» **TASK**
Look through the listing below for the line containing "FreshBooks is an". Copy it and each line after it up to and including the line containing "Determine the value", exactly, leaving out pictures.

» **DATA IN THIS EXERCISE**
"""

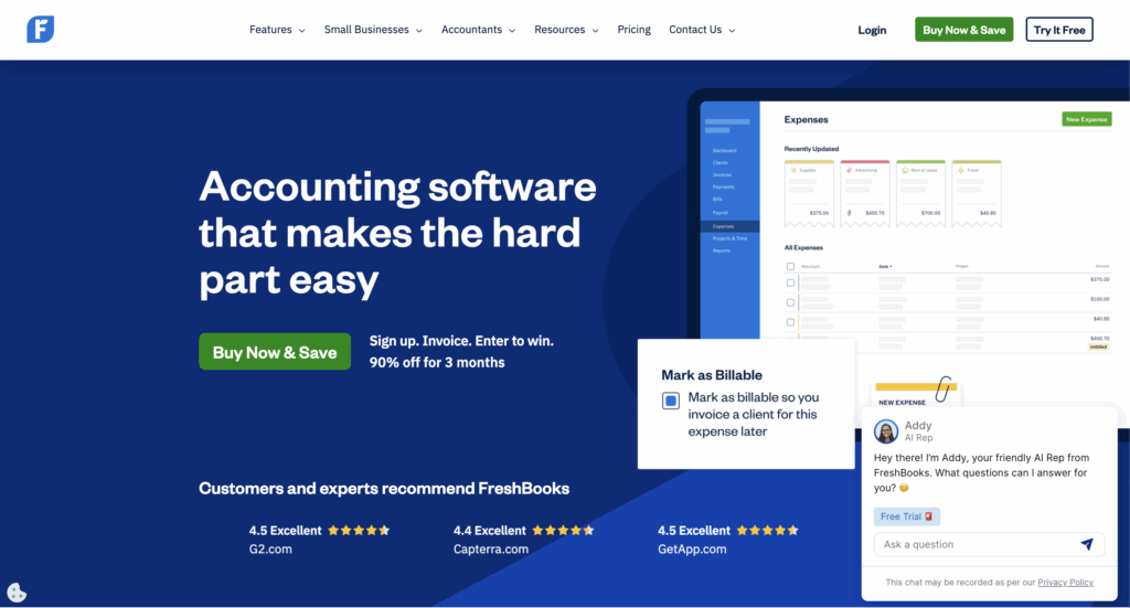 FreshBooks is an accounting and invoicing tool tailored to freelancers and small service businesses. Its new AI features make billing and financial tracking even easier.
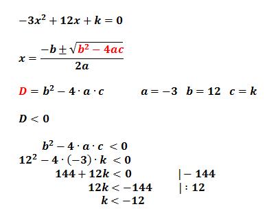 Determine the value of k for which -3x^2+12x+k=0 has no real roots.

"""
"""

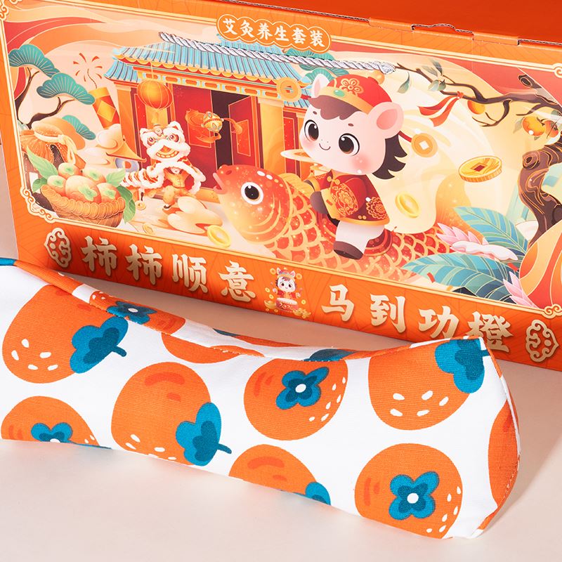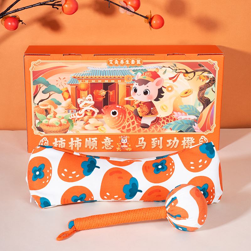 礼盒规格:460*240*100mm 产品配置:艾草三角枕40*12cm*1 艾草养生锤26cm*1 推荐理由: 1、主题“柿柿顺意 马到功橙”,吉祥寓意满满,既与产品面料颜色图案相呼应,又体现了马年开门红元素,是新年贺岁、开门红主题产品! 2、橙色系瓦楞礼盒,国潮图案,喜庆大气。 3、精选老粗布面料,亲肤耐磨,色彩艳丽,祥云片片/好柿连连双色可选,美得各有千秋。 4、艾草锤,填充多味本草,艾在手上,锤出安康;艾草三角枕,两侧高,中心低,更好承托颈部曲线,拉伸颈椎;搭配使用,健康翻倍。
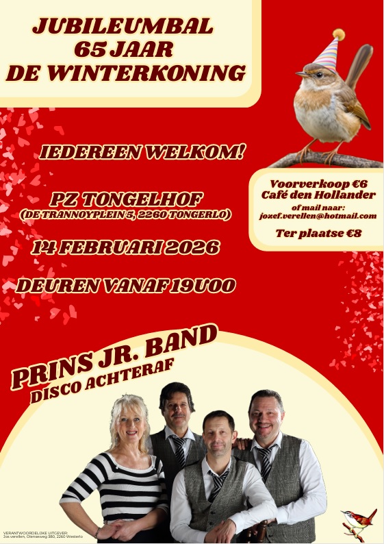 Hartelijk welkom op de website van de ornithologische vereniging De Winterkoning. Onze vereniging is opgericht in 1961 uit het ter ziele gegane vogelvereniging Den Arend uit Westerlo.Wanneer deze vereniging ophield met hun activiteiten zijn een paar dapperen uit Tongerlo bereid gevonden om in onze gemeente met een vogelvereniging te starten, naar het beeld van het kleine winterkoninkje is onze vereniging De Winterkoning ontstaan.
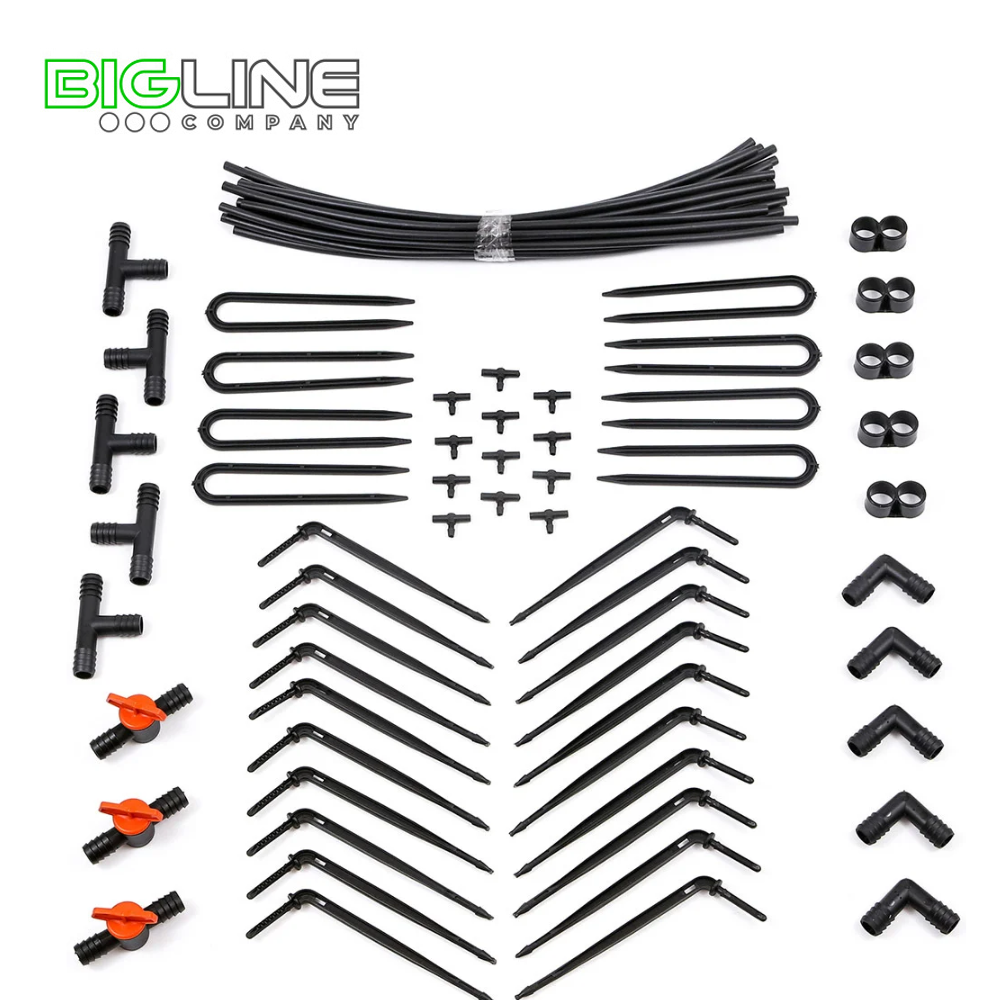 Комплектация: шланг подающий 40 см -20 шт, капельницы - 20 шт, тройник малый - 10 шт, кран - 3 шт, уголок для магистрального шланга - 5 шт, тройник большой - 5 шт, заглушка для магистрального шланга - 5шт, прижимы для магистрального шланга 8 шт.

"""

» **EXERCISE OUTPUT**
 FreshBooks is an accounting and invoicing tool tailored to freelancers and small service businesses. Its new AI features make billing and financial tracking even easier.
 Determine the value of k for which -3x^2+12x+k=0 has no real roots.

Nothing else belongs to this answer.